AIM OF THE EXERCISE: Leave the images aside and copy out the whole listing, exact to the word.

Segment Start: PROVIDED ENTRIES

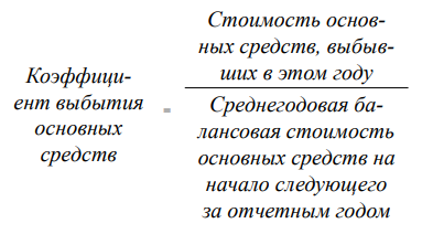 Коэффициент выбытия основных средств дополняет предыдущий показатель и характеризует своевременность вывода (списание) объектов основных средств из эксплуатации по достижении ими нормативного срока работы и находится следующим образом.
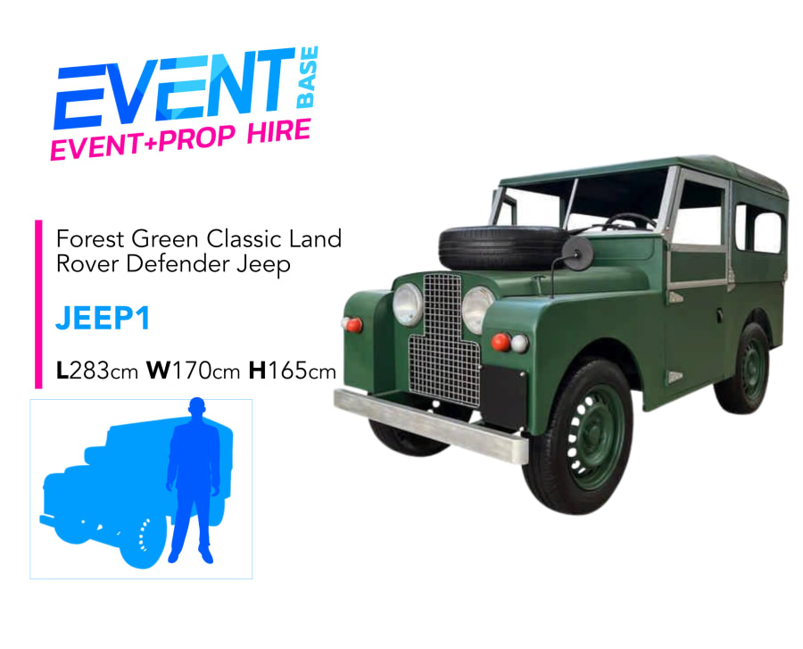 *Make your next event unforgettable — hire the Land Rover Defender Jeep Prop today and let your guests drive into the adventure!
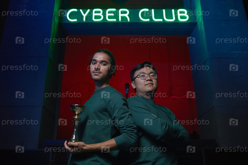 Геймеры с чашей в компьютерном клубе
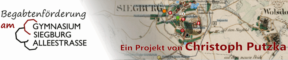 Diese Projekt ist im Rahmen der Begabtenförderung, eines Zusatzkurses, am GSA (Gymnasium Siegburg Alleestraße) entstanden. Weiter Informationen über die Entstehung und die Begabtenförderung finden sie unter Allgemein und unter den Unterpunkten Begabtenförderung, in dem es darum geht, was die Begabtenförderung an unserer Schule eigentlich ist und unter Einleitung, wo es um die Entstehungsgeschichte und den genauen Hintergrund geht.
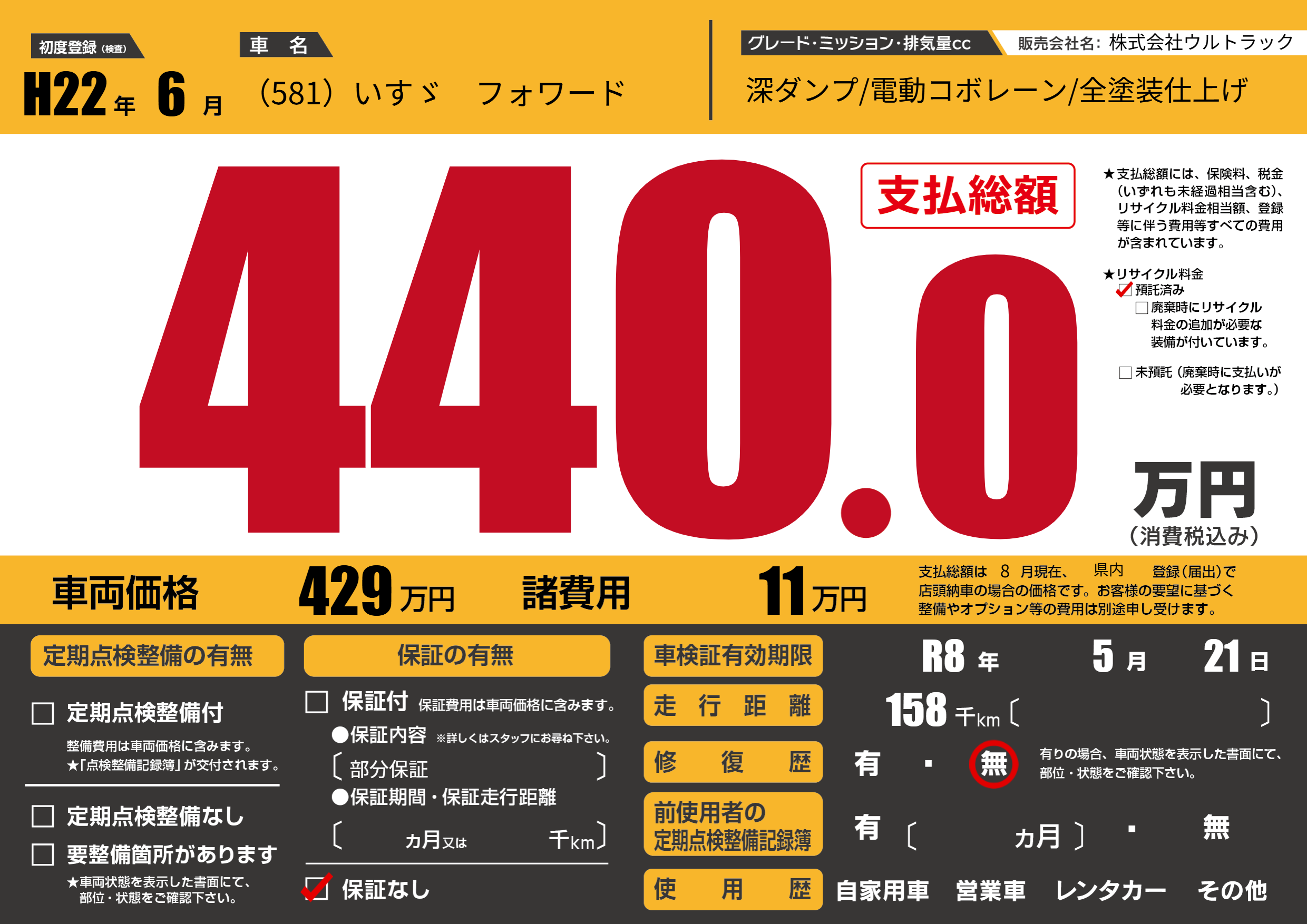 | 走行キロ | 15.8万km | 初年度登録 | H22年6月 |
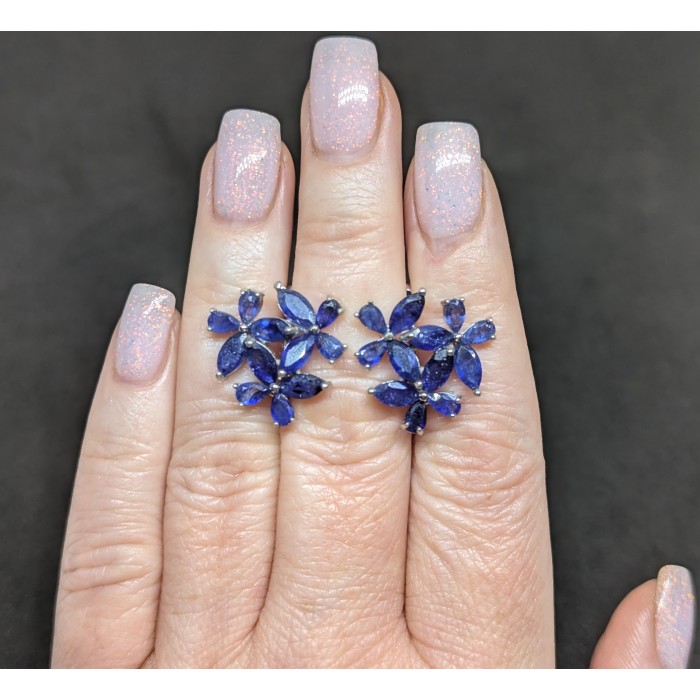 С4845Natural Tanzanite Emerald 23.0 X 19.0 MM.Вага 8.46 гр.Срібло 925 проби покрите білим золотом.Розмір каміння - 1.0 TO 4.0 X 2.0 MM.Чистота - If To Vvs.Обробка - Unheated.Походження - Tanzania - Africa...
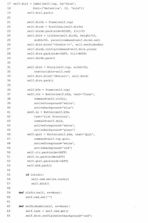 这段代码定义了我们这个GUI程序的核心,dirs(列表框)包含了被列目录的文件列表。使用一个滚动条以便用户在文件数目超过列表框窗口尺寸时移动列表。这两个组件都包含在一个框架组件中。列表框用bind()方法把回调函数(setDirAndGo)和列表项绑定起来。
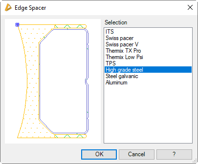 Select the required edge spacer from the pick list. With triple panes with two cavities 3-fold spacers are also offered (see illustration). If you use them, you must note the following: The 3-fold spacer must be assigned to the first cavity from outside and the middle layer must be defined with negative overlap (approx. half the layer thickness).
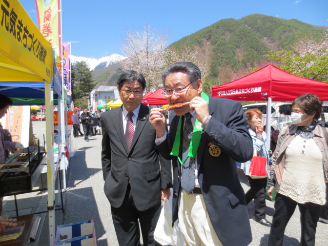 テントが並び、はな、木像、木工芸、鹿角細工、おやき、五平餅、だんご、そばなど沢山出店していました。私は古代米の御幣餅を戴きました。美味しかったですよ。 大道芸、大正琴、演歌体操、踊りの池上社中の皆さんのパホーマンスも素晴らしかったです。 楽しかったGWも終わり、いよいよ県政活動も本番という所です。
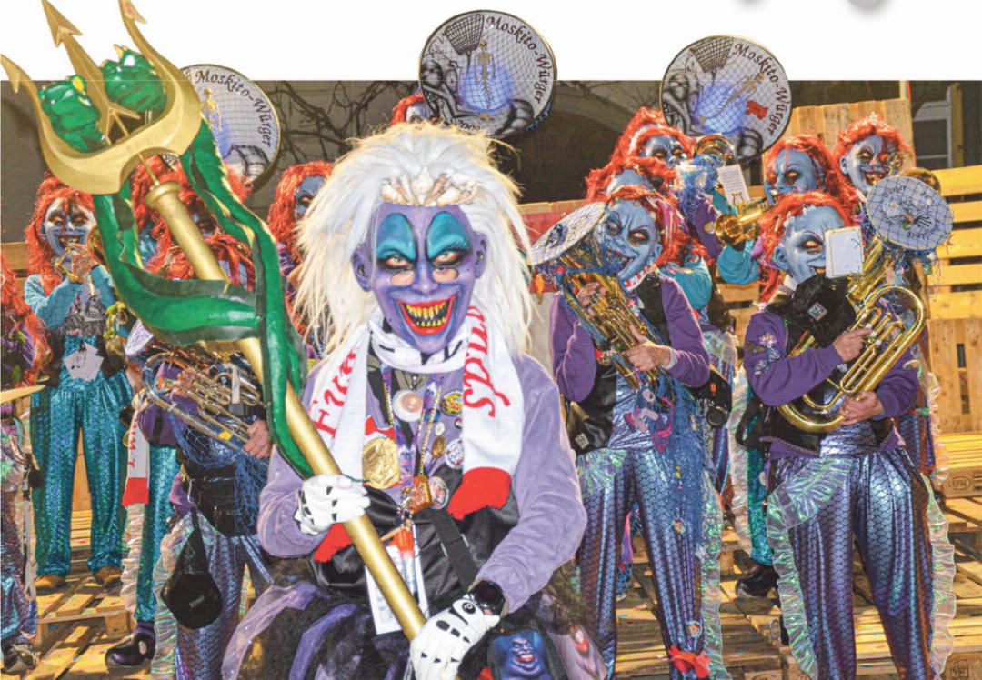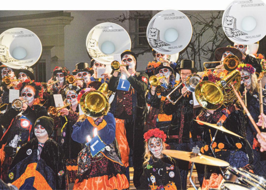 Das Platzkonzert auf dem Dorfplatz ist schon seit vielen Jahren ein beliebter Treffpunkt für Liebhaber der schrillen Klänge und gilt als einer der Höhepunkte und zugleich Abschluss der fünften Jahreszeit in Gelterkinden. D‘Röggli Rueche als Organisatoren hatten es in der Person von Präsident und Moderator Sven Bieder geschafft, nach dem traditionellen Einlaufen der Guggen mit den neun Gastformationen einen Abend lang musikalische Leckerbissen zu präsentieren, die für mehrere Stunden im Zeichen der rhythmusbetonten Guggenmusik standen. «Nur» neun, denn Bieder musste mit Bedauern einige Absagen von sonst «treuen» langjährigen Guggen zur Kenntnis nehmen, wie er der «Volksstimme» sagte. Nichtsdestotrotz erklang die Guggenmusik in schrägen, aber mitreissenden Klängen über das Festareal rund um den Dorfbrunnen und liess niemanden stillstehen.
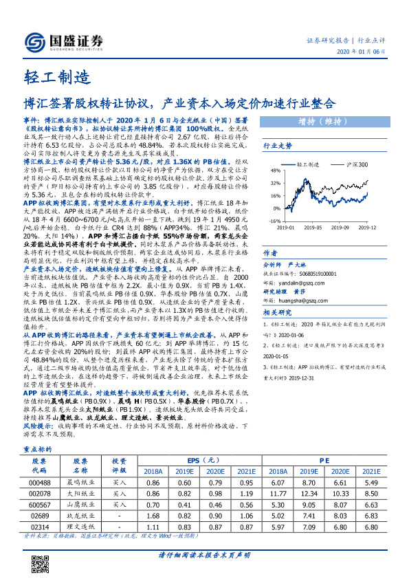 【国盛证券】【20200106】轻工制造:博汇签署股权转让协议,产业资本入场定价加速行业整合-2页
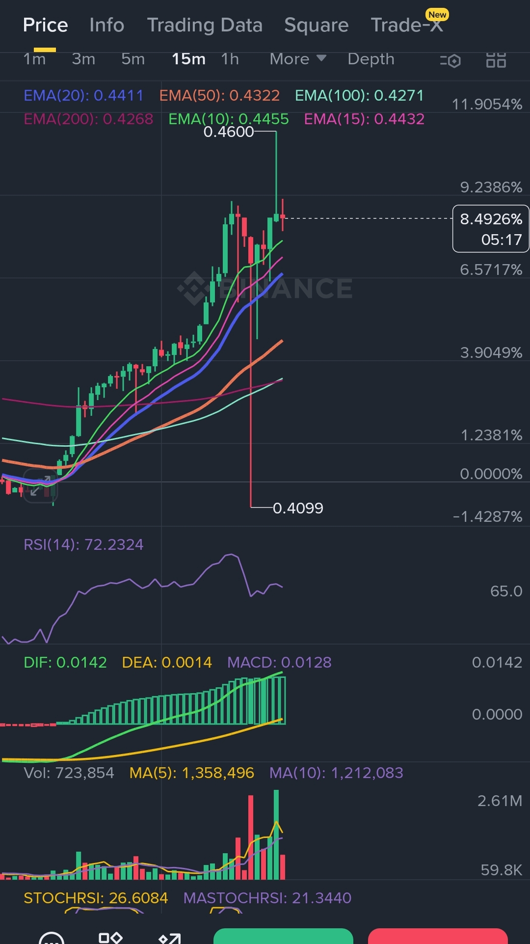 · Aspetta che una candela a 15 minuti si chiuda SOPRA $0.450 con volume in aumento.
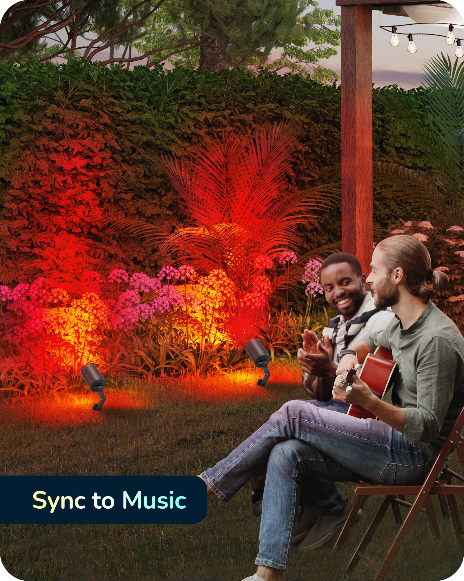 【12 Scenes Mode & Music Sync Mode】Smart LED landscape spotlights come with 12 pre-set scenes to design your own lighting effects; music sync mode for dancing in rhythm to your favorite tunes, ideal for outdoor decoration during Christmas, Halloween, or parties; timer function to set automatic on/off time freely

Segment End: PROVIDED ENTRIES

EXERCISE SOLUTION:
 Коэффициент выбытия основных средств дополняет предыдущий показатель и характеризует своевременность вывода (списание) объектов основных средств из эксплуатации по достижении ими нормативного срока работы и находится следующим образом.
 *Make your next event unforgettable — hire the Land Rover Defender Jeep Prop today and let your guests drive into the adventure!
 Геймеры с чашей в компьютерном клубе
 Diese Projekt ist im Rahmen der Begabtenförderung, eines Zusatzkurses, am GSA (Gymnasium Siegburg Alleestraße) entstanden. Weiter Informationen über die Entstehung und die Begabtenförderung finden sie unter Allgemein und unter den Unterpunkten Begabtenförderung, in dem es darum geht, was die Begabtenförderung an unserer Schule eigentlich ist und unter Einleitung, wo es um die Entstehungsgeschichte und den genauen Hintergrund geht.
 | 走行キロ | 15.8万km | 初年度登録 | H22年6月 |
 С4845Natural Tanzanite Emerald 23.0 X 19.0 MM.Вага 8.46 гр.Срібло 925 проби покрите білим золотом.Розмір каміння - 1.0 TO 4.0 X 2.0 MM.Чистота - If To Vvs.Обробка - Unheated.Походження - Tanzania - Africa...
 这段代码定义了我们这个GUI程序的核心,dirs(列表框)包含了被列目录的文件列表。使用一个滚动条以便用户在文件数目超过列表框窗口尺寸时移动列表。这两个组件都包含在一个框架组件中。列表框用bind()方法把回调函数(setDirAndGo)和列表项绑定起来。
 Select the required edge spacer from the pick list. With triple panes with two cavities 3-fold spacers are also offered (see illustration). If you use them, you must note the following: The 3-fold spacer must be assigned to the first cavity from outside and the middle layer must be defined with negative overlap (approx. half the layer thickness).
 テントが並び、はな、木像、木工芸、鹿角細工、おやき、五平餅、だんご、そばなど沢山出店していました。私は古代米の御幣餅を戴きました。美味しかったですよ。 大道芸、大正琴、演歌体操、踊りの池上社中の皆さんのパホーマンスも素晴らしかったです。 楽しかったGWも終わり、いよいよ県政活動も本番という所です。
 Das Platzkonzert auf dem Dorfplatz ist schon seit vielen Jahren ein beliebter Treffpunkt für Liebhaber der schrillen Klänge und gilt als einer der Höhepunkte und zugleich Abschluss der fünften Jahreszeit in Gelterkinden. D‘Röggli Rueche als Organisatoren hatten es in der Person von Präsident und Moderator Sven Bieder geschafft, nach dem traditionellen Einlaufen der Guggen mit den neun Gastformationen einen Abend lang musikalische Leckerbissen zu präsentieren, die für mehrere Stunden im Zeichen der rhythmusbetonten Guggenmusik standen. «Nur» neun, denn Bieder musste mit Bedauern einige Absagen von sonst «treuen» langjährigen Guggen zur Kenntnis nehmen, wie er der «Volksstimme» sagte. Nichtsdestotrotz erklang die Guggenmusik in schrägen, aber mitreissenden Klängen über das Festareal rund um den Dorfbrunnen und liess niemanden stillstehen.
 【国盛证券】【20200106】轻工制造:博汇签署股权转让协议,产业资本入场定价加速行业整合-2页
 · Aspetta che una candela a 15 minuti si chiuda SOPRA $0.450 con volume in aumento.
 【12 Scenes Mode & Music Sync Mode】Smart LED landscape spotlights come with 12 pre-set scenes to design your own lighting effects; music sync mode for dancing in rhythm to your favorite tunes, ideal for outdoor decoration during Christmas, Halloween, or parties; timer function to set automatic on/off time freely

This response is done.